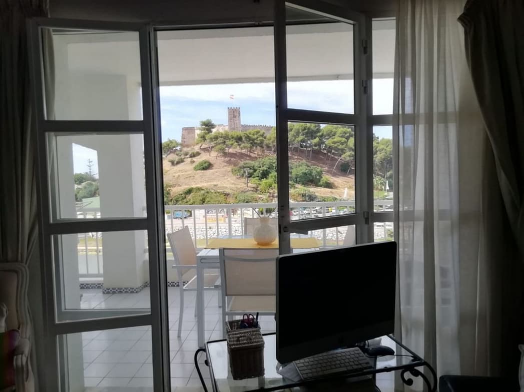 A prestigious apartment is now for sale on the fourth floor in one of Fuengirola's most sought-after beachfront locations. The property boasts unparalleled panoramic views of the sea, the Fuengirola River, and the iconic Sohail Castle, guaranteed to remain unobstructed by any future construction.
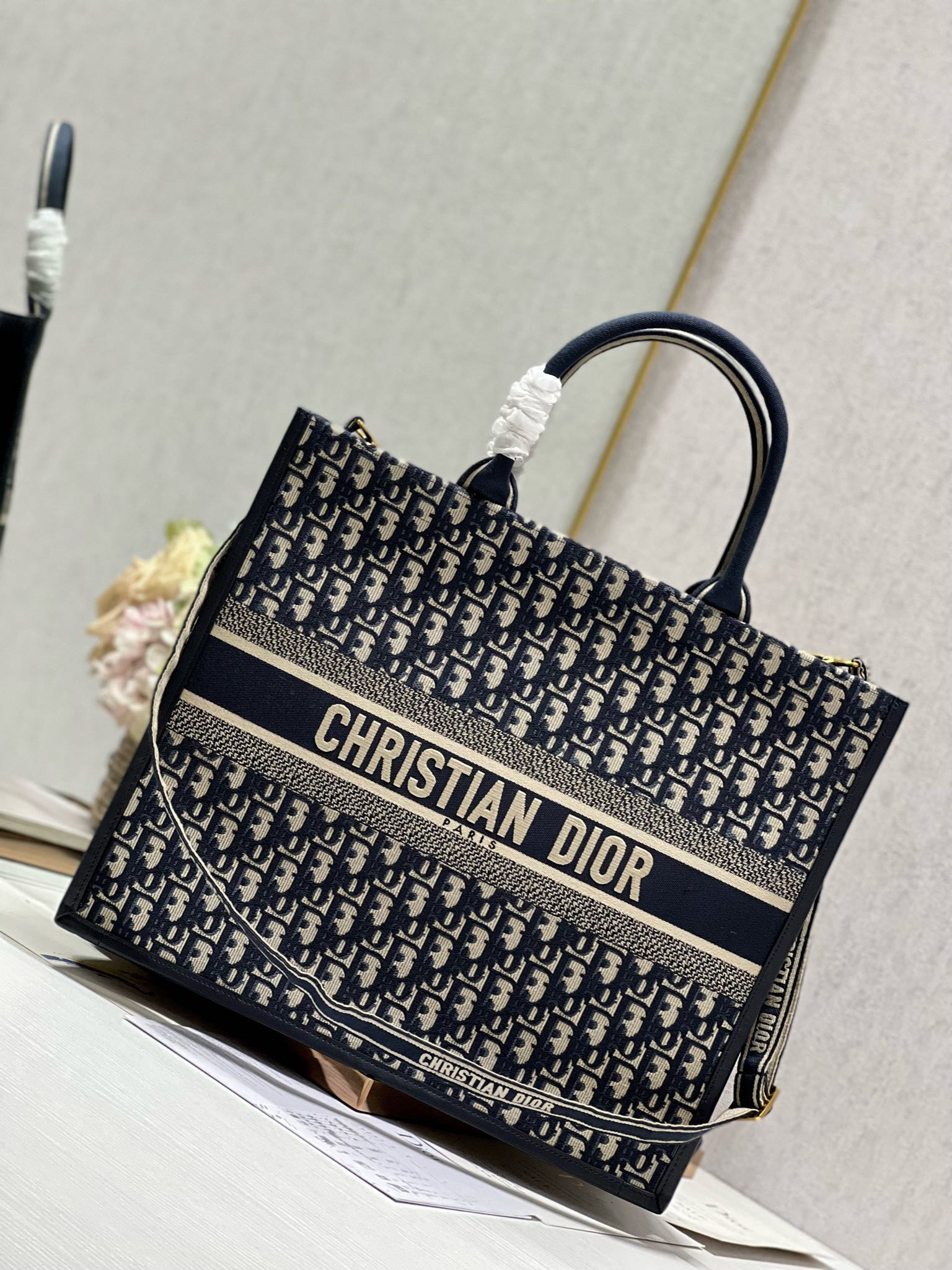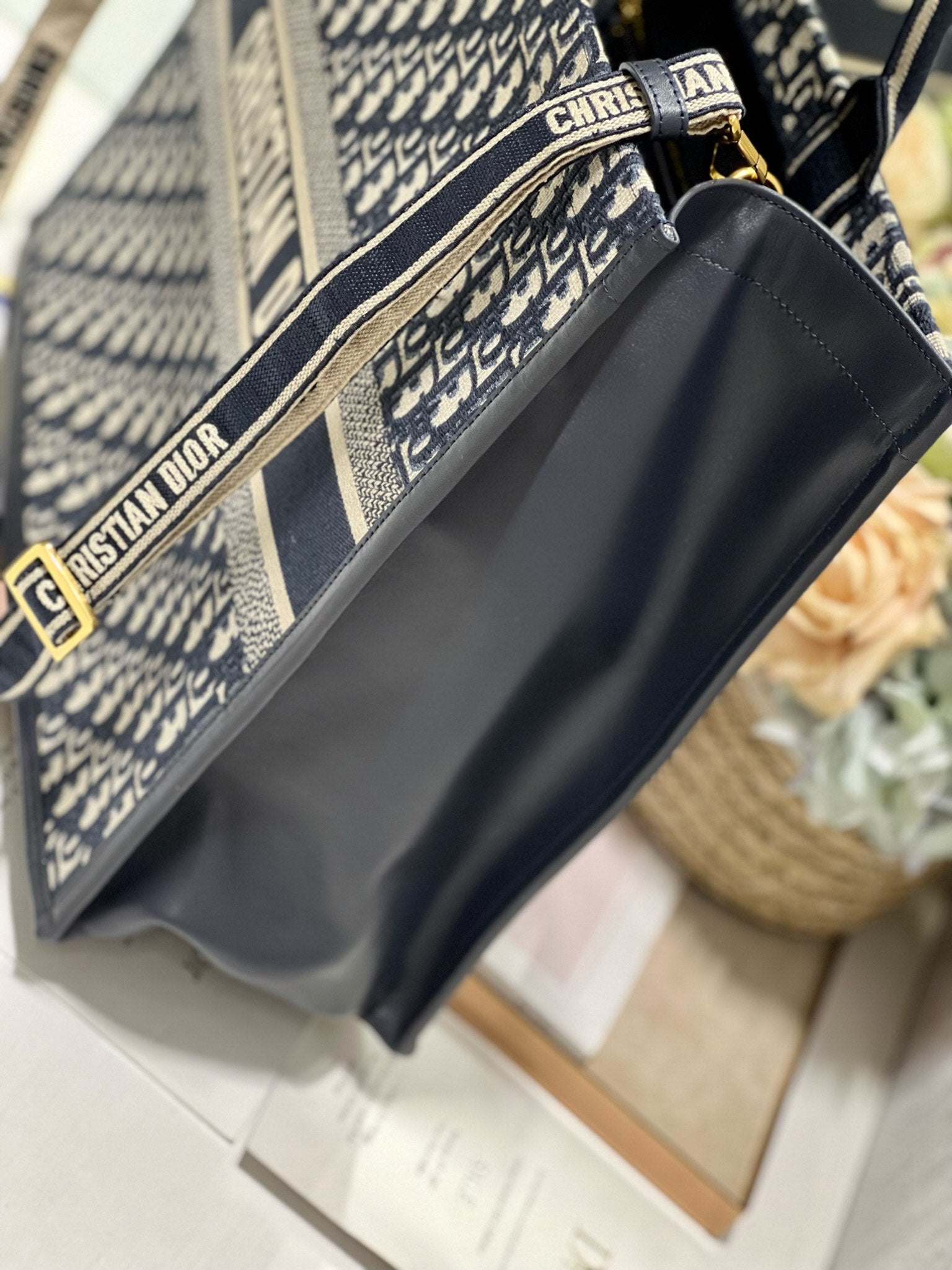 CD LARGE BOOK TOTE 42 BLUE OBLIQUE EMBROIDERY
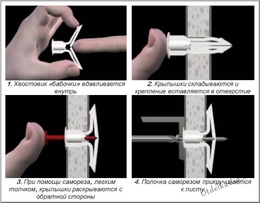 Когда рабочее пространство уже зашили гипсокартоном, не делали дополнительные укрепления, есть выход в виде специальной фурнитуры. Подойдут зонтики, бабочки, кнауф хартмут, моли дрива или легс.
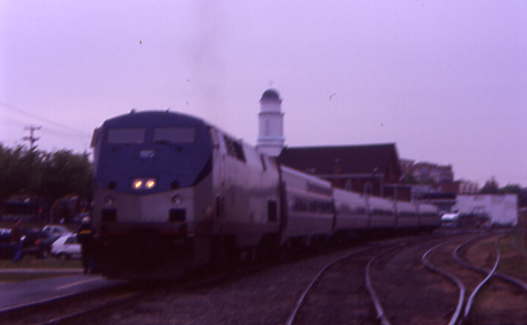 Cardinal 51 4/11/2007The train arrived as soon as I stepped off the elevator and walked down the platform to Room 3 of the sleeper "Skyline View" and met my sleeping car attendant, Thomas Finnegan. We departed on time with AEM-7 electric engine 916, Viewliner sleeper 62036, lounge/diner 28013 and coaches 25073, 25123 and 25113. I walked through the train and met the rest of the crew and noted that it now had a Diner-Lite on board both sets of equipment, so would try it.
· · · ·
TASK TO COMPLETE — Copying starts at the line containing "CD LARGE BOOK" and ends at the last line of the material above; repeat only those lines exactly and omit the pictures.

RESULT OF THE EXERCISE —
 CD LARGE BOOK TOTE 42 BLUE OBLIQUE EMBROIDERY
 Когда рабочее пространство уже зашили гипсокартоном, не делали дополнительные укрепления, есть выход в виде специальной фурнитуры. Подойдут зонтики, бабочки, кнауф хартмут, моли дрива или легс.
 Cardinal 51 4/11/2007The train arrived as soon as I stepped off the elevator and walked down the platform to Room 3 of the sleeper "Skyline View" and met my sleeping car attendant, Thomas Finnegan. We departed on time with AEM-7 electric engine 916, Viewliner sleeper 62036, lounge/diner 28013 and coaches 25073, 25123 and 25113. I walked through the train and met the rest of the crew and noted that it now had a Diner-Lite on board both sets of equipment, so would try it.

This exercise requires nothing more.